AUGUST 13, 1969: The first men to walk on the Moon were finally given a hero’s welcome on this day in 1969 - following three weeks in quarantine after returning to Earth.
Neil Armstrong, Buzz Aldrin and Michael Collins received a ticker-tape parade in New York, which is shown in British Pathé footage.
They were also greeted by cheering millions in similar open-top car processions in Chicago and Los Angeles on that same day.
That evening, they were the guests of honour at an official State Dinner to celebrate a feat that effectively won America the Space Race against the Soviet Union.
President Richard Nixon, members of Congress, 44 state governors and ambassadors from 83 nations attended the gala at the Century Plaza Hotel in LA.
Each astronaut was handed a Presidential Medal of Freedom before beginning a 45-day ‘Giant Leap’ tour of 25 nations, including Britain, where they met the Queen.
Armstrong, Aldrin and Collins had all been strictly quarantined after splashing down in the Pacific Ocean upon their returning to Earth on July 24, 1969.
Nasa took the precaution despite there being only a remote chance that they would bring back pathogens from the lunar surface.
Naval divers provided them with isolation suits, which they wore before being washed with chemicals and transferred to a special pod on the USS Hornet.
Nixon, who was on the ship, greeted the astronauts through a window and told them: ‘As a result of what you've done, the world has never been closer together before.’
But back in the USSR, where news of the July 20 was heralded only by a sombre radio announcement 14 hours later, few wished to share in the Americans’ joy.
It meant that the Soviet Union - the communist state that had notched up most of the cosmic firsts, including the first man in orbit – had effectively lost the Space Race.
The fulfilment of President John F Kennedy’s 1960 promise to put men on the moon by the end of the decade confirmed their Cold War enemy’s technological superiority.
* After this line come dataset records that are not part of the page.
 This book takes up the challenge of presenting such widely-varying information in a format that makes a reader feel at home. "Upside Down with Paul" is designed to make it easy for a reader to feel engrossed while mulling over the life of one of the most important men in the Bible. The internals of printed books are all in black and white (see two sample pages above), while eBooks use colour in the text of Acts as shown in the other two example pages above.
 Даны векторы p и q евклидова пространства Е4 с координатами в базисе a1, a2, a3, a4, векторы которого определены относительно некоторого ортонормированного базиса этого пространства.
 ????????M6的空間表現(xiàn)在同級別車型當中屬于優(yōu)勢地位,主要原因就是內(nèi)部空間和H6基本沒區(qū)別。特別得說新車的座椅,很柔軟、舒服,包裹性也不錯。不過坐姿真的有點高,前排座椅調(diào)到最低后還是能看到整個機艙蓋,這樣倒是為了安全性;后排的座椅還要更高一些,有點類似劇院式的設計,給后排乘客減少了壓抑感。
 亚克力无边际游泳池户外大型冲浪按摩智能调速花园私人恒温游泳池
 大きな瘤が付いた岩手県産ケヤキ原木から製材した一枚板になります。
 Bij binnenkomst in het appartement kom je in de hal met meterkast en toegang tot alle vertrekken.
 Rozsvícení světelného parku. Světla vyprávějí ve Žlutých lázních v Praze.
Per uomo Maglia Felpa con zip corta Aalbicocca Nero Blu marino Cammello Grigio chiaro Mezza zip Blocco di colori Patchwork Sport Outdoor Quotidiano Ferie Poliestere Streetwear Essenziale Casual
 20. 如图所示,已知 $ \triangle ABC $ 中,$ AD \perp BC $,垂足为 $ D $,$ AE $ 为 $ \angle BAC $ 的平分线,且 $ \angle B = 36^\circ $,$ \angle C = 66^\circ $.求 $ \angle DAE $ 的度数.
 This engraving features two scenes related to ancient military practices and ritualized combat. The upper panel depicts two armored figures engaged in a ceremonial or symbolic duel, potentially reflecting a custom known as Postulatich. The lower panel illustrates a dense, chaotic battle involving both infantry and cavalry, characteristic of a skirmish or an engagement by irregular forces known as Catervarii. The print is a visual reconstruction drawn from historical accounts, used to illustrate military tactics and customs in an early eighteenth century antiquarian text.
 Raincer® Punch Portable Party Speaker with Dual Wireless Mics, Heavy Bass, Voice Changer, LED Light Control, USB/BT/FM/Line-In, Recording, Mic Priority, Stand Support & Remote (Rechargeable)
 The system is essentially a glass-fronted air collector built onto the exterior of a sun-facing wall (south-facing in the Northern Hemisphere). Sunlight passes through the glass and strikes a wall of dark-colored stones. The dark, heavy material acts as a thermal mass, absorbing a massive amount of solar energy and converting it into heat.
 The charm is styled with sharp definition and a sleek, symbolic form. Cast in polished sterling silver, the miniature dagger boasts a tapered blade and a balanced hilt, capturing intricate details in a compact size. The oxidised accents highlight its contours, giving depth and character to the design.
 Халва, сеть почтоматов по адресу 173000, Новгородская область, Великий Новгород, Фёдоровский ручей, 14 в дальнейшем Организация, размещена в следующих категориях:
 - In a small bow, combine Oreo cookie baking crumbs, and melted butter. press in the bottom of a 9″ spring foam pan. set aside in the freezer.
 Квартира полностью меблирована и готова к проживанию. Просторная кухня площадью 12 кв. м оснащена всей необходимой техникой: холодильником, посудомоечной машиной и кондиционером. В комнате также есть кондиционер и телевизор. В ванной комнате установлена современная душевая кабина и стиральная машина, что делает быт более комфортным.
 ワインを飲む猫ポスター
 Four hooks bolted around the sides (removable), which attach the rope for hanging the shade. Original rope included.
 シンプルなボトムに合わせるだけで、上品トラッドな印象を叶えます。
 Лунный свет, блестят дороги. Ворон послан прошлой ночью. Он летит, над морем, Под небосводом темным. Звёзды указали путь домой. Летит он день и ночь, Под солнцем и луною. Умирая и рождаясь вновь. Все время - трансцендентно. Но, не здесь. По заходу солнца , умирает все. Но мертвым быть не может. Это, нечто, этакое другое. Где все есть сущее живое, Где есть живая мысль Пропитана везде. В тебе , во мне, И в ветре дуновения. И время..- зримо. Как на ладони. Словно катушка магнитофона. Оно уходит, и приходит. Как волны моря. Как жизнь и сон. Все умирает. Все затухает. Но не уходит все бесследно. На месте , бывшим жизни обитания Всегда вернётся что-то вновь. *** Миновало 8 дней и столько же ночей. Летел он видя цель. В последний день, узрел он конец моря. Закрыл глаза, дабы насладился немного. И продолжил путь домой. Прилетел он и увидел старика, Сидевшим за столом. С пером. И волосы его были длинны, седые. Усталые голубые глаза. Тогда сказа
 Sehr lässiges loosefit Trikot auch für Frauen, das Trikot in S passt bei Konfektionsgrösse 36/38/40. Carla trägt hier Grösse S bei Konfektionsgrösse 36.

The Soviets had triggered this race by sending the first satellite, Sputnik, and living creature, mongrel dog Laika, into space in 1957.
The then U.S. President Dwight Eisenhower feared that these rockets could become weapons and ordered more of his nation’s cash to be devoted to astronautics.
But, despite the capitalist country having superior economic resources at its disposal, the Americans would long be hampered by setbacks.
Following three crashes, it took until the end of January 1958 for the U.S. to get a satellite in space.
By December of that year, the Americans had sent a living creature into space and in May 1959 monkeys Able and Baker became the first animals to survive the trip.
But their achievements were eclipsed on April 12, 1961 when the Soviet Union put the first man, ex-steelworker Yuri Gagarin, into space.
Just weeks later, Alan Shepherd became the first American to be sent into the orbit.
The communists countered by putting the first woman, former factory worker Valentina Treskhkova, into space on June 16, 1963.
They also ensured that unlike the wealthy elites America sent into the stratosphere, those representing the Soviet Union had solid working class credentials.
The USSR scored the first space walk when Alexei Leonov, who again had a humble upbringing, spent 12 minutes floating outside his craft on March 18, 1965.
And they also landed an unmanned rocket on Venus on May 17, 1969.
But it was the race to put a man on the Moon that really counted – and the Americans got there first.
However, few people at the time realised just how close the USSR came to dashing JFK’s dream.
The secretive Soviets kept under wraps the fact that, 17 days earlier, its own N1 moon rocket exploded seconds after lift-off, causing the biggest non-nuclear blast in history.
Details of explosion, which was powerful enough to level a town the size of Luton, were only revealed after the fall of communism in the 1990s.
The lid was also lifted on how the brave Bolsheviks kept on trying – and failing – with ten launches between 1969 and 1974, when its moon programme was axed.
Nasa successfully landed six manned shuttles on the moon between 1969 and 1972 when the U.S. government ended its expensive programme.